Plasminogen-C4BP Sandwich ELISA
Microtiter plates were coated with anti-plasminogen capture antibody overnight at 4 °C. After blocking samples were incubated for 1 h at room temperature. C4BP was detected using monoclonal mk104 anti-C4BP antibody followed by goat anti-mouse antibody conjugated with HRP. The plates were developed with o-phenylenediamine substrate and H2O2 and the absorbance at 490 nm was measured.

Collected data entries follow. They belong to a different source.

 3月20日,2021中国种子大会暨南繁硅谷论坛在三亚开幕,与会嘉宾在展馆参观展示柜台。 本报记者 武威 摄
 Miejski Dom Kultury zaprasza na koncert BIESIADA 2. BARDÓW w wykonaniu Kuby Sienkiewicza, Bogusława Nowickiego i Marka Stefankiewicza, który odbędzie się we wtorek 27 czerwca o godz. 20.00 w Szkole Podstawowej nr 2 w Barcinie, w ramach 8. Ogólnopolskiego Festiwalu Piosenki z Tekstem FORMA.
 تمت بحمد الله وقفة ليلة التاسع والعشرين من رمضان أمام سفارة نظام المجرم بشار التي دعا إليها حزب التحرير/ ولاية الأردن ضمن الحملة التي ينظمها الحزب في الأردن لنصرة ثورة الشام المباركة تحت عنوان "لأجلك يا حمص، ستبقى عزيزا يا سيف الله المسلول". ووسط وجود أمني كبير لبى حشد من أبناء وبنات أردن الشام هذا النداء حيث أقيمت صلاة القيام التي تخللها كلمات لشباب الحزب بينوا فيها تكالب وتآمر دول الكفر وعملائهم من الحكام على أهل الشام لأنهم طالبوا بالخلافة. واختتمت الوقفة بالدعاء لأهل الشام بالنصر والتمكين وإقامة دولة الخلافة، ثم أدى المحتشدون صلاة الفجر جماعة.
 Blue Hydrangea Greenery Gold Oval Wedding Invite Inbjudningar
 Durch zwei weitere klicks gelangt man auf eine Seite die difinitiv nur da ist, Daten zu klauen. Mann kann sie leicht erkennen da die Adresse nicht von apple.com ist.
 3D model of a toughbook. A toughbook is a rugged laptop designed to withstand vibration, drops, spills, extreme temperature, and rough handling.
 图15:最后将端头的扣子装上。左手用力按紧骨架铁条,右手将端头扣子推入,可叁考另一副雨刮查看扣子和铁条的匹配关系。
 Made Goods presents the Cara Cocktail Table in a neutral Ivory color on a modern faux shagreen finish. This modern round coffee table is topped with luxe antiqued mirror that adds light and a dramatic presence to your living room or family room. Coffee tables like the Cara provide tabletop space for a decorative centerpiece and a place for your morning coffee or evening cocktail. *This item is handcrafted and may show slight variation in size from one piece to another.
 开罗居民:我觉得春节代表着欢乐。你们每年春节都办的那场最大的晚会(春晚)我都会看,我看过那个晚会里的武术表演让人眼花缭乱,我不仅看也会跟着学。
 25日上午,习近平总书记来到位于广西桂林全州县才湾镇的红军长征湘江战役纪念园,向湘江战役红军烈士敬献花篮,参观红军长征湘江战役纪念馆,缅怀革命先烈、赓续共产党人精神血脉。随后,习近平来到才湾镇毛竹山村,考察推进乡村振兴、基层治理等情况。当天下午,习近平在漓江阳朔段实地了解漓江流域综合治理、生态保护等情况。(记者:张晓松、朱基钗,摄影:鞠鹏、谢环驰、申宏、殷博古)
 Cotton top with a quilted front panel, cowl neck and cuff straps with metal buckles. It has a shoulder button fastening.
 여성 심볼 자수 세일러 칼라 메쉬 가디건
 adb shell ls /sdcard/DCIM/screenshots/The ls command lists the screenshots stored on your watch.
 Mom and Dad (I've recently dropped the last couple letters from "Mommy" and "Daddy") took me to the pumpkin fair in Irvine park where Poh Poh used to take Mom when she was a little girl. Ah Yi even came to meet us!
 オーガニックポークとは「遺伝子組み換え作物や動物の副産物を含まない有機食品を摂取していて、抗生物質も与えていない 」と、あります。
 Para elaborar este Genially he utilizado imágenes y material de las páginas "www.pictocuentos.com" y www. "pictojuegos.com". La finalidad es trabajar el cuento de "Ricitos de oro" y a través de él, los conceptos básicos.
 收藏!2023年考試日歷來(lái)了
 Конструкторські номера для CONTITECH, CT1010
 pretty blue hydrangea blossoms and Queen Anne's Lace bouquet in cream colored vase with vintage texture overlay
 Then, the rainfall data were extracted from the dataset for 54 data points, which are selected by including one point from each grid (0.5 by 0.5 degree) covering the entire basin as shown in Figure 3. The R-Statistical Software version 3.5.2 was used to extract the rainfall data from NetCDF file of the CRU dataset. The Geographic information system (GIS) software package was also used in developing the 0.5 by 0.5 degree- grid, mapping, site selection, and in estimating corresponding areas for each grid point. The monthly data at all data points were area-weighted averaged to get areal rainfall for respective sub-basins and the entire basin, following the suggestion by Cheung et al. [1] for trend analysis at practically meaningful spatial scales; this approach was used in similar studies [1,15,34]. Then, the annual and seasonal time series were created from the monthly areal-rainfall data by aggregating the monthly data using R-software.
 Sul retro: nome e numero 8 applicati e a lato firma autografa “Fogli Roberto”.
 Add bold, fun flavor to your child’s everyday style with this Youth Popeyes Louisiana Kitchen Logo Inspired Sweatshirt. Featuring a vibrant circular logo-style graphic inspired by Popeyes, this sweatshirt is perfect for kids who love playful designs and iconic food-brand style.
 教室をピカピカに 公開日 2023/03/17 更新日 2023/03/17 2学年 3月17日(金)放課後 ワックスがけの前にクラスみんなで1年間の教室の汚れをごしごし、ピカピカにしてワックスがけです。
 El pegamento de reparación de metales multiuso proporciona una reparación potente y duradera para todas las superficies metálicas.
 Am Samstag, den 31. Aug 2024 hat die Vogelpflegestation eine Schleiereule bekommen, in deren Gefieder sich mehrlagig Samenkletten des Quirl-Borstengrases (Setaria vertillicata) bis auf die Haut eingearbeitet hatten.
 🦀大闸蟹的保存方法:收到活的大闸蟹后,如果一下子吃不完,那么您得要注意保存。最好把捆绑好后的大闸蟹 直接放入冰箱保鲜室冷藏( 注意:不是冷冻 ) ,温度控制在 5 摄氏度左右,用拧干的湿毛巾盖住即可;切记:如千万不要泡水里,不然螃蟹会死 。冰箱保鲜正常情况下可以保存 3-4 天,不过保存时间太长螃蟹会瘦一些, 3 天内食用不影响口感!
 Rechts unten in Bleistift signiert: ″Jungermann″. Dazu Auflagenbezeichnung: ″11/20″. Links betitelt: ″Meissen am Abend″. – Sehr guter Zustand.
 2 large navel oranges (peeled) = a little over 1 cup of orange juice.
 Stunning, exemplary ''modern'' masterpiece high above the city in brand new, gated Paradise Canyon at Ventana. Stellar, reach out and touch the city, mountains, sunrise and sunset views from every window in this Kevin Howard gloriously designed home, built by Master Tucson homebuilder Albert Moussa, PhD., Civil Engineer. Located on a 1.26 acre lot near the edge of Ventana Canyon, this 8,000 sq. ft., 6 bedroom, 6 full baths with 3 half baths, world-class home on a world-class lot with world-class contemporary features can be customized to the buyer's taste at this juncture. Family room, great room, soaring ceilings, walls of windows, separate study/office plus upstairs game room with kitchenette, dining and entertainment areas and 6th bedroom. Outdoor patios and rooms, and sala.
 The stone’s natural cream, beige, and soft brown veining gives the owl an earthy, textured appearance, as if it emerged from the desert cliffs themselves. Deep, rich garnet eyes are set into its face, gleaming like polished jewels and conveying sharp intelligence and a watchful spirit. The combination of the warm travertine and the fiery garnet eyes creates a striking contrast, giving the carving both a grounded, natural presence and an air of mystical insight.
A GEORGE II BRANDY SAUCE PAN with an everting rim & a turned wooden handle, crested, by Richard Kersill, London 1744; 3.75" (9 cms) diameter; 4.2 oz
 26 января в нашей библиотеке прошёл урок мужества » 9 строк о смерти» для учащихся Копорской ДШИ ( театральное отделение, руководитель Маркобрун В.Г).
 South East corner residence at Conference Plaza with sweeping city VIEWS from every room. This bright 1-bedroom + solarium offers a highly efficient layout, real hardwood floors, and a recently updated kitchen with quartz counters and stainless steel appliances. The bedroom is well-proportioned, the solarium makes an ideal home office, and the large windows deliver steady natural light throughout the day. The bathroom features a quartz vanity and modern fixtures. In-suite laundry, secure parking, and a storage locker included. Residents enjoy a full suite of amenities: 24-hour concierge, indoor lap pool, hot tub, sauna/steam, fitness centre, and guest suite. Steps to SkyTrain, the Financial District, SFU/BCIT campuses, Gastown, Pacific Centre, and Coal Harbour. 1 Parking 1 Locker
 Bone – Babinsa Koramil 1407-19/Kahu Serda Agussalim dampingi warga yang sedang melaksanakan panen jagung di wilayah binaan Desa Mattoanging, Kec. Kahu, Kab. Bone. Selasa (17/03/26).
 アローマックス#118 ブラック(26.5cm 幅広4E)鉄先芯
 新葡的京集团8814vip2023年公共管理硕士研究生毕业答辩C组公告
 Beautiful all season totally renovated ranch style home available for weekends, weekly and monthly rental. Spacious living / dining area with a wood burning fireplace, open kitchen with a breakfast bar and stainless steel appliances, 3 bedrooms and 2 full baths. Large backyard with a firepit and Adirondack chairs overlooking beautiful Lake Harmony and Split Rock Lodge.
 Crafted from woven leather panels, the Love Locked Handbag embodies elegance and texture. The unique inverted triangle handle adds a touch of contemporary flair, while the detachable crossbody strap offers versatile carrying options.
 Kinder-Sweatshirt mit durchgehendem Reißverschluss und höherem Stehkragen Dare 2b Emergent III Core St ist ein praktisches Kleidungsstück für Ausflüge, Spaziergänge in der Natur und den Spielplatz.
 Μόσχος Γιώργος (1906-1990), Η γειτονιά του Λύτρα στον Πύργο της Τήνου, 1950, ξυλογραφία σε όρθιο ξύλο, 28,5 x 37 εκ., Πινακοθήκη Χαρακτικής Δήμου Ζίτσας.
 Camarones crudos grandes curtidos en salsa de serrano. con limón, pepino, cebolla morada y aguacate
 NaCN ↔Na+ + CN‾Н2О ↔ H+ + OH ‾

Binding from Serum or Plasma
To investigate if C4BP-plasminogen complexes are present in human blood, microtiter plates were coated with polyclonal anti-C4BP (10 μg/ml). After blocking, human serum or human plasma in binding buffer was added at various concentrations for 1 h 30 min at room temperature. Bound C4BP-plasminogen complexes were detected using polyclonal sheep anti-human plasminogen Abs and rabbit anti-sheep peroxidase-conjugated antibodies (Dako).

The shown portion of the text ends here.